The comment I replied to said:
a Holocaust level genocide is taking place
30,000 people have died. 17 million people died in the holocaust. That is not on the same level and it is not on the same scale. 30,000 is a significantly smaller number than 17 million.
If you support the Palestinian cause, pretending otherwise is a home goal.
I get that it feels right, because people are understandably angry about all this, but it's not a winning argument. Quite the opposite. If you're provably exaggerating the scale of what's happening, it allows supporters of Israel's far right government to sow doubt and claim you might also be exaggerating about the very very real war crimes and ethnic cleansing they are engaged in.
Your comment above:
Maybe you misunderstood my criticism, but I wasn't disputing that what was happening was genocide or ethnic cleansing. I was disputing the level or scale of what was happening. Clearly what is happening in Gaza (and the West Bank) is on a smaller scale. 17 million vs. 30,000 in Gaza.
This doesn't make what is happening ok. It just means that it is on a smaller scale than the holocaust.
This is not another argument. The number of casualties was my argument from the beginning. The number of casualties may not have been your point, but it was mine when you said that what was happening was on the same level or scale as the holocaust.
This is also not a strawman argument. I am literally adressing something you said in your comment.

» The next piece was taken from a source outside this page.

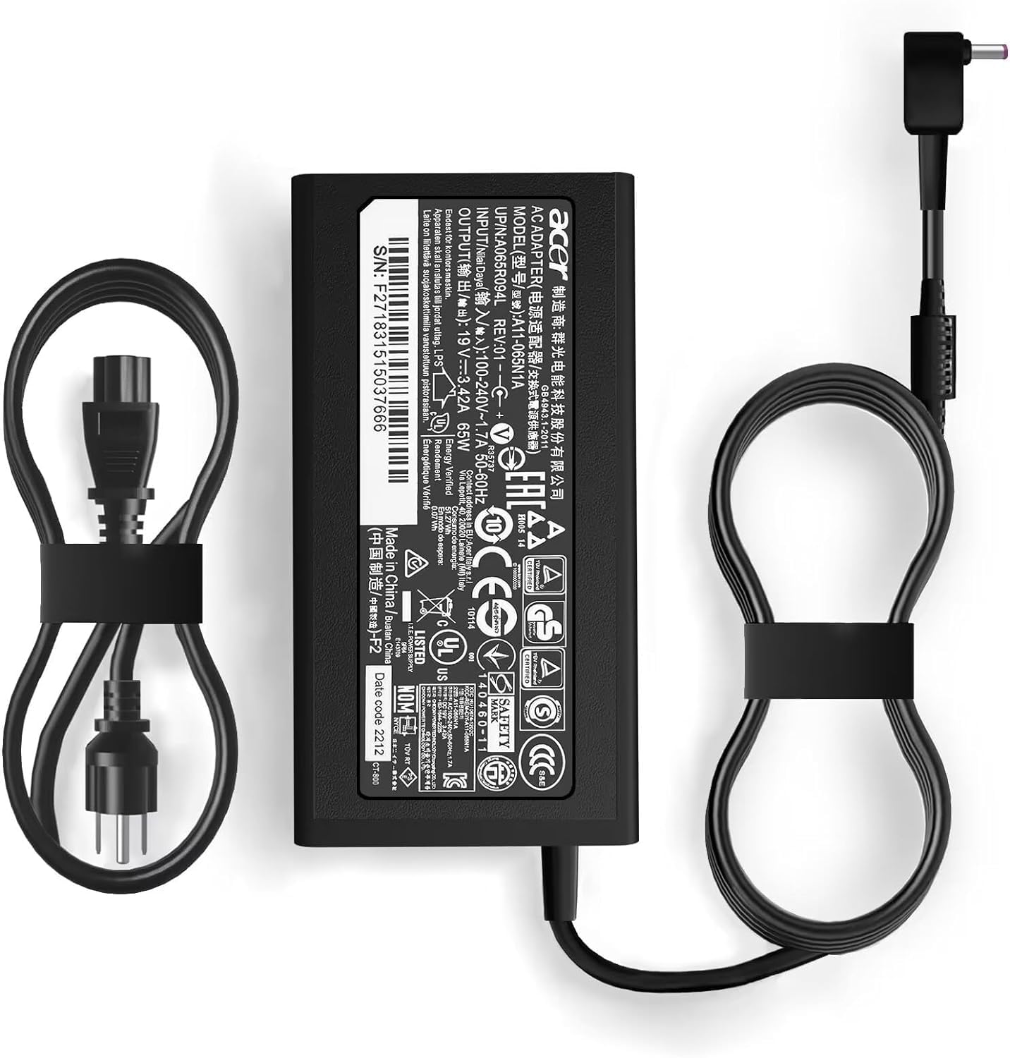 The power brick actually says Acer on it, to my surprise. There is also an LED indicator that lights green when plugged into AC power. Original charger did not have that. The detachable outlet to brick cord (3 prong plugs) is only about 2 feet long, and the brick to laptop cord is 3 feet long, so 5 foot distance from AC overall. Even one extra foot would be preferred.

On a more general note, this is why comparisons to the Nazis or the Holocaust are rarely helpful, and partly why Godwin's law is a thing.
For example, just because someone isn't Adolf Hitler or a Nazi, doesn't mean they're not a fascist. Calling someone like Ben Gvir or Smotrich a Nazi might feel good, but it allows them to say "Aha! But I don't believe x, y, z. Also, the Nazis hated Jews. I'm a Jew. So you're wrong." It undermines your argument, even if they are quite similar to Nazis. Call them a fascist or racial supremacist, based on things that they actually said and did, and it's far harder to deny.